▶ [SUPPLIED ENTRIES]
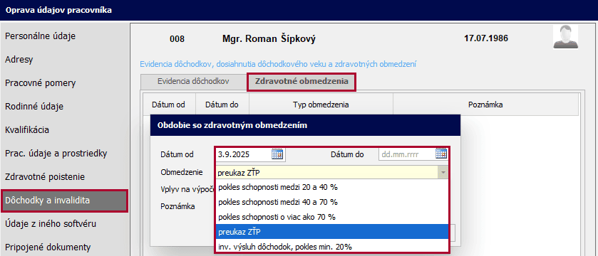 Ak by zamestnanec už nepoberal invalidný dôchodok (napr. z dôvodu, že mu vznikol nárok na poberanie starobného dôchodku), ale stále má zdravotné obmedzenie alebo je držiteľom preukazu ZŤP, zdravotné obmedzenie zaevidujete ručne. Vyplníte mesiac a rok odkedy má mať zdravotné obmedzenie vplyv na výpočet mzdy a vyberiete typ zdravotného obmedzenia.
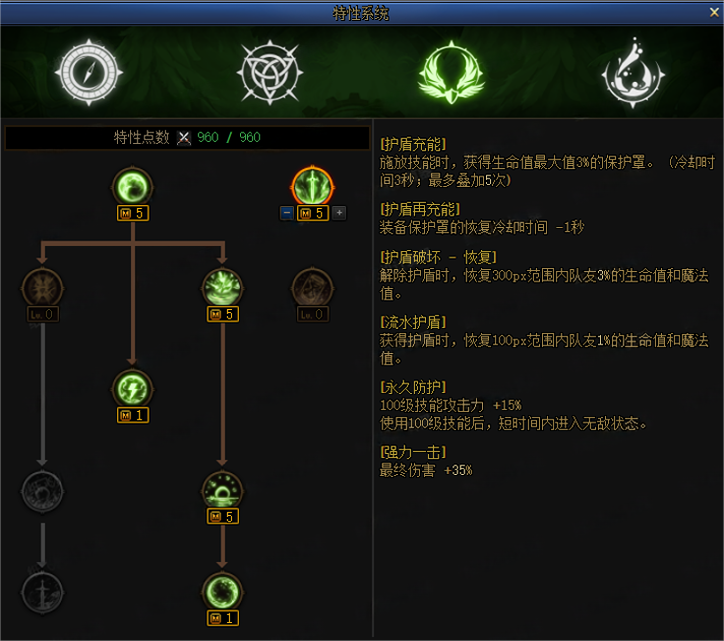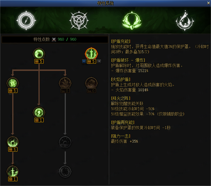 【线路一】护盾充能5、护盾破坏爆炸5、火焰护盾5、拜火之阵1、护盾再充能1、强力一击5。
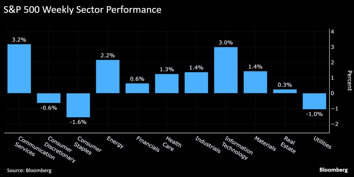 US equity markets held modest gains last week despite a swirl of trade and political headlines. The S&P 500 advanced 1.5%, with tech and communication services leading as investors embraced calmer markets and better tariff news. Micron and ON Semiconductor soared, lifted by improving AI capex demand and easing trade tensions. Notably, the S&P 500 saw six consecutive days of sub-0.6% daily moves through Thursday, its longest calm streak since December.
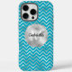 Aqua Silver Zigzag Stripes Monogram Case-Mate iPhone Case
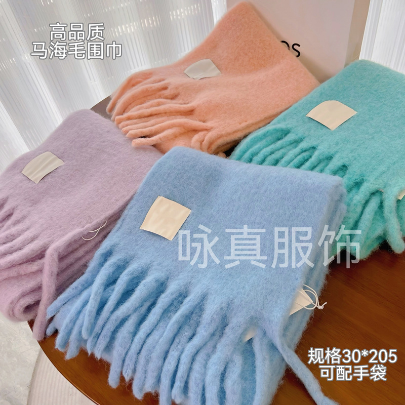 C's 모헤어 솔리드 컬러 스카프 울 스카프 캔디 컬러 블루 스카프 여성 겨울 하이 엔드 다용도 따뜻한
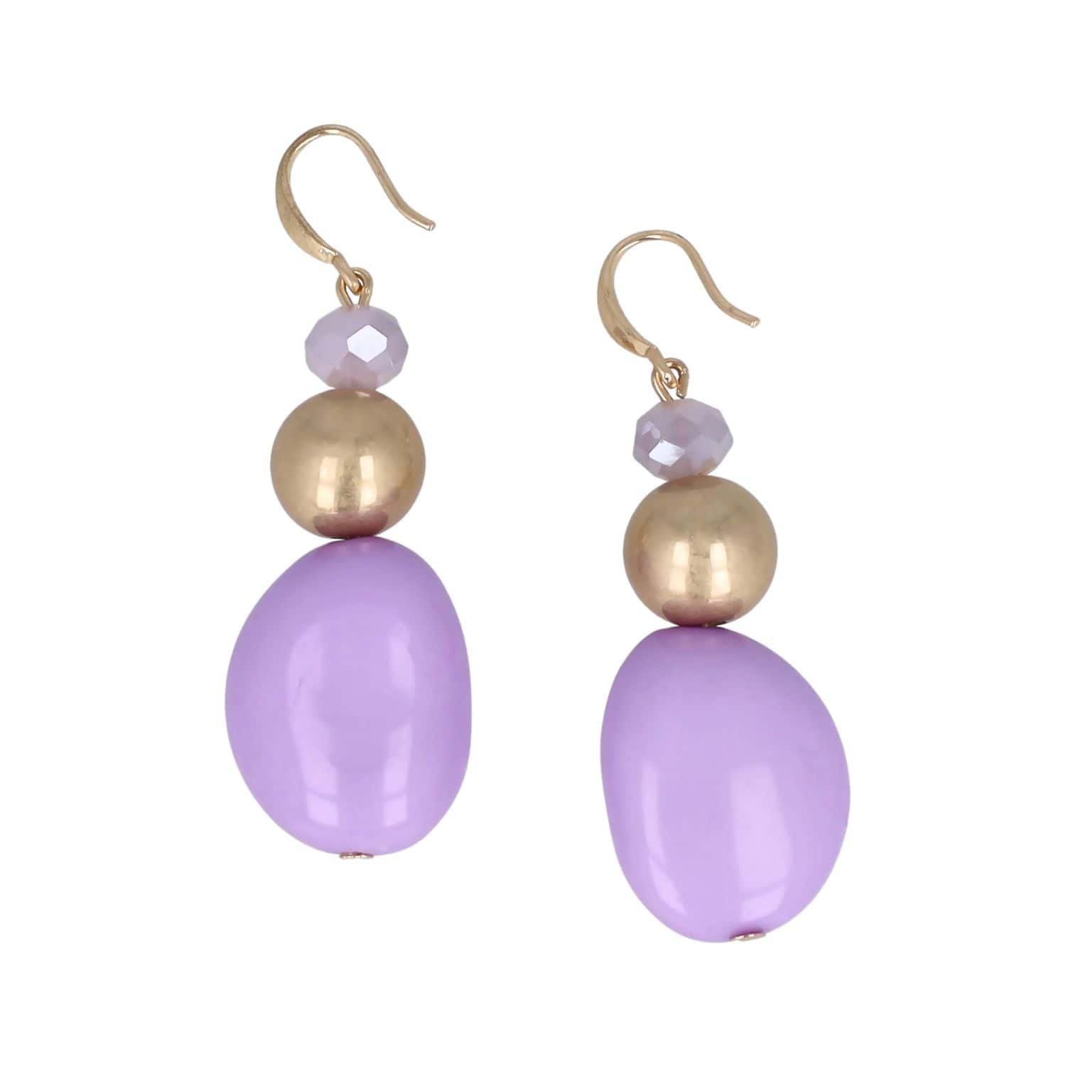 Orecchini da donna a pendente con perno ad amo in ottone anallergico. Composti da pietre in acrilico colorato e dorato. Lung.5,5 cm

▶ [EXERCISE OBJECTIVE] Where the line containing "C's 모헤어 솔리드" appears, begin writing out the lines word for word, and continue through the last line of the data, leaving out pictures.

▶ [ANSWER AREA]
 C's 모헤어 솔리드 컬러 스카프 울 스카프 캔디 컬러 블루 스카프 여성 겨울 하이 엔드 다용도 따뜻한
 Orecchini da donna a pendente con perno ad amo in ottone anallergico. Composti da pietre in acrilico colorato e dorato. Lung.5,5 cm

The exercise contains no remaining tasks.